__STORED DATA__.
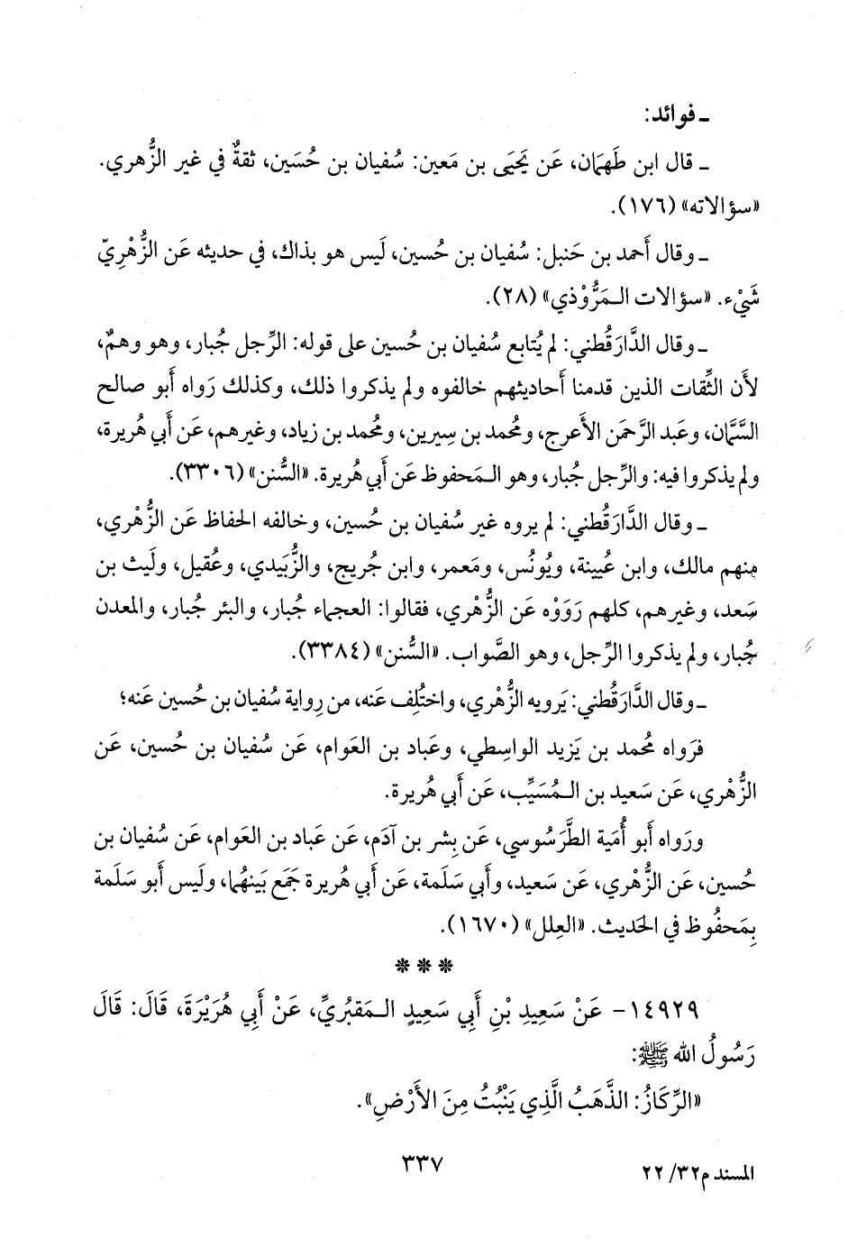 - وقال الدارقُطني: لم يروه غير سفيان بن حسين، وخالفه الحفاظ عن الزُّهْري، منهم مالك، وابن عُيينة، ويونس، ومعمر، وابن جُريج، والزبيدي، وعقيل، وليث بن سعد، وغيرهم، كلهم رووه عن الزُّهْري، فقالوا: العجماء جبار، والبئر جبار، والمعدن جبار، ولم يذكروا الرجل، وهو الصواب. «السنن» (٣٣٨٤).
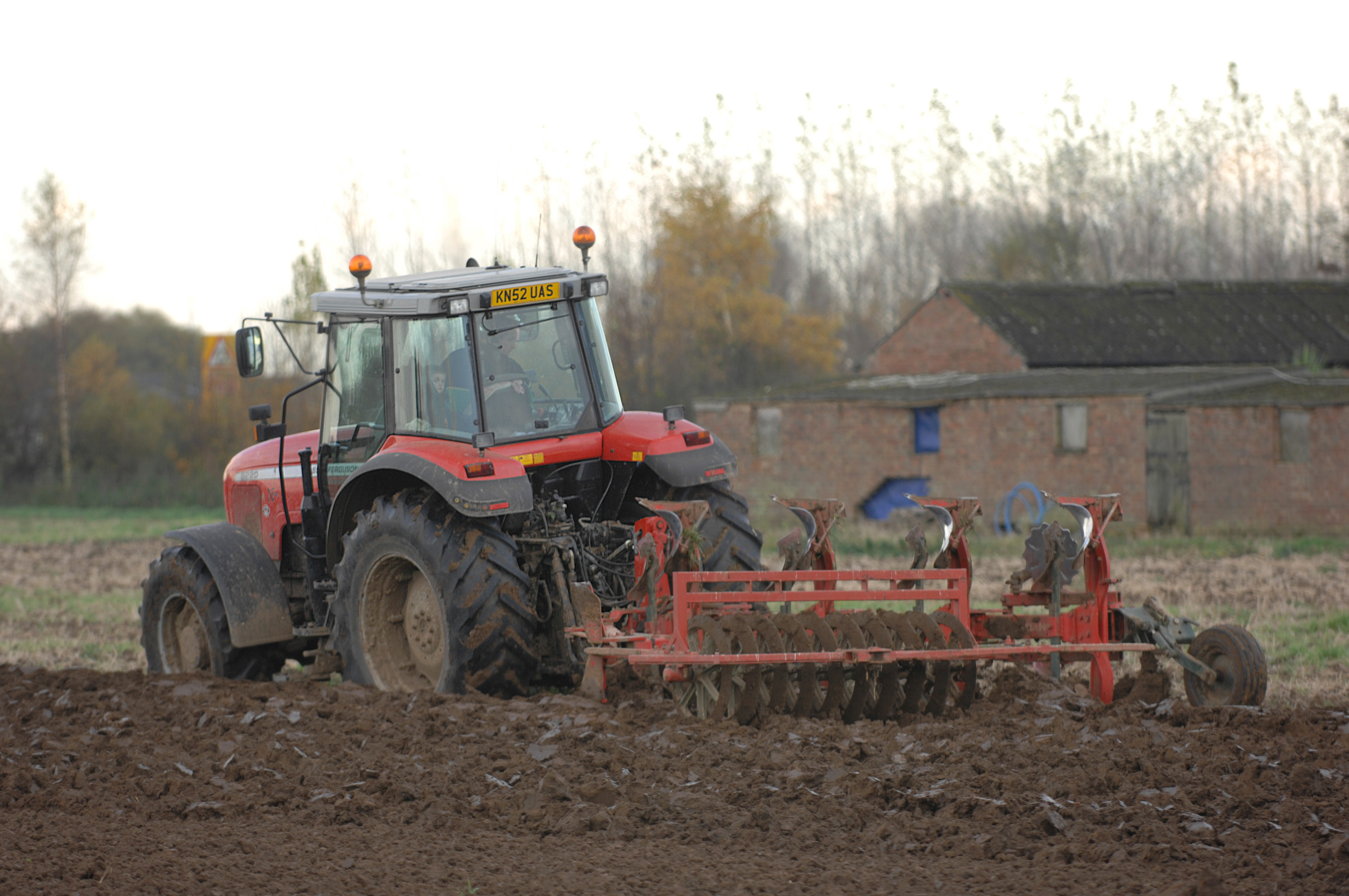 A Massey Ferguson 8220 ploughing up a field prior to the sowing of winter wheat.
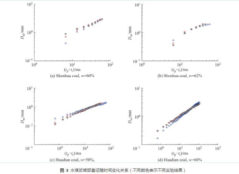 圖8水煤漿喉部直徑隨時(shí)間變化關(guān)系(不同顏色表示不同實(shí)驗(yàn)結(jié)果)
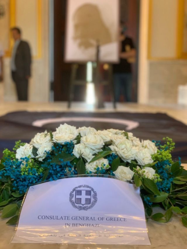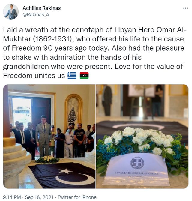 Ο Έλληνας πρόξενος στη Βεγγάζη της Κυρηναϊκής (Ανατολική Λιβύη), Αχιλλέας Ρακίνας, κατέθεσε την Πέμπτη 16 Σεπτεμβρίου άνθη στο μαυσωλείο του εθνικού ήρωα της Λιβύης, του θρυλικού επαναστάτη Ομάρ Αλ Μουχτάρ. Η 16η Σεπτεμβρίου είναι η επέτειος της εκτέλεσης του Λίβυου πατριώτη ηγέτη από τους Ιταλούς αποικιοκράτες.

__ACTION ITEM__. Retype exactly, please, the span from the line holding "圖8水煤漿喉部直徑隨時(sh" through the closing line of the data, both ends included, without the pictures.

__TASK ANSWER__.
 圖8水煤漿喉部直徑隨時(shí)間變化關(guān)系(不同顏色表示不同實(shí)驗(yàn)結(jié)果)
 Ο Έλληνας πρόξενος στη Βεγγάζη της Κυρηναϊκής (Ανατολική Λιβύη), Αχιλλέας Ρακίνας, κατέθεσε την Πέμπτη 16 Σεπτεμβρίου άνθη στο μαυσωλείο του εθνικού ήρωα της Λιβύης, του θρυλικού επαναστάτη Ομάρ Αλ Μουχτάρ. Η 16η Σεπτεμβρίου είναι η επέτειος της εκτέλεσης του Λίβυου πατριώτη ηγέτη από τους Ιταλούς αποικιοκράτες.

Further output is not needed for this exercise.